Deposition Authors: Trepout S
In situ structural analysis of the flagellum attachment zone in Trypanosoma brucei using cryo-scanning transmission electron tomography.
Trepout S
(2020) J Struct Biol X , 4 , 100033 - 100033
PUBMED: 32775999
DOI: doi:10.1016/j.yjsbx.2020.100033
ISSN: 2590-1524
Abstract:
The flagellum of Trypanosoma brucei is a 20 µm-long organelle responsible for locomotion and cell morphogenesis. The flagellum attachment zone (FAZ) is a multi-protein complex whose function is to attach the flagellum to the cell body but also to guide cytokinesis.

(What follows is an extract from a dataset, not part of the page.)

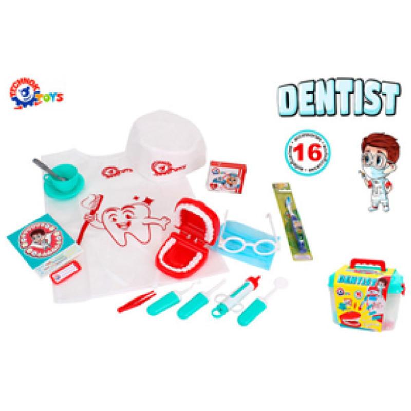 Игровой набор Стоматолог технок Техн.7365 < Игровой набор Стоматолог - как научить детишек правильно чистить зубки? Это действительно ответственная и важная задача для всех родителей. А для всех малышей подарок – настоящая детская зубная щетка. Теперь мальчики и девочки с увлечением будут учиться ухаживать за своими зубками и лечить их любимым игрушкам. А соблюдать все правила гигиены в стоматологическом кабинете поможет специальная накидка врача с интересным принтом, шапочка и, главное, защитная маска. Так малыш точно почувствует себя настоящим врачом. В наборе профессиональные стоматологические инструменты бур, зеркало и зонд, а также шприц, пинцет, очки, бейдж, коробочка с пилюлями, нумерация зубов и чашка с ложечкой на тарелочке. И конечно, самое интересное – модель челюсти. Теперь все зубки можно тщательно осмотреть и хорошо полечить. Набор стоматолога поможет детям научиться ухаживать за своими зубками и преодолеть страх перед посещением стоматологического кабинета. Набор станет отличным подарком для каждого малыша. Игрушка изготовлена из прочного качественного пластика без запаха. Для детей от 3 лет. В комплекте бонус – детская зубная щетка. Упаковка – удобный саквояж с ручкой и замками. Производитель может изменять цветовую гамму товара без уведомления. Наличие цветов уточняйте у менеджера компании. Можете купить уже сегодня!

Cryo-transmission electron microscopy is a tool of choice to access the structure of the FAZ in a close-to-native state. However, because of the large dimension of the cell body, the whole FAZ cannot be structurally studied in situ at the nanometre scale in 3D using classical transmission electron microscopy approaches. In the present work, cryo-scanning transmission electron tomography, a new method capable of investigating cryo-fixed thick biological samples, has been used to study whole T. brucei cells at the bloodstream stage. The method has been used to visualise and characterise the structure and organisation of the FAZ filament. It is composed of an array of cytoplasmic stick-like structures. These sticks are heterogeneously distributed between the posterior part and the anterior tip of the cell. This cryo-STET investigation provides new insights into the structure of the FAZ filament. In combination with protein structure predictions, this work proposes a new model for the elongation of the FAZ.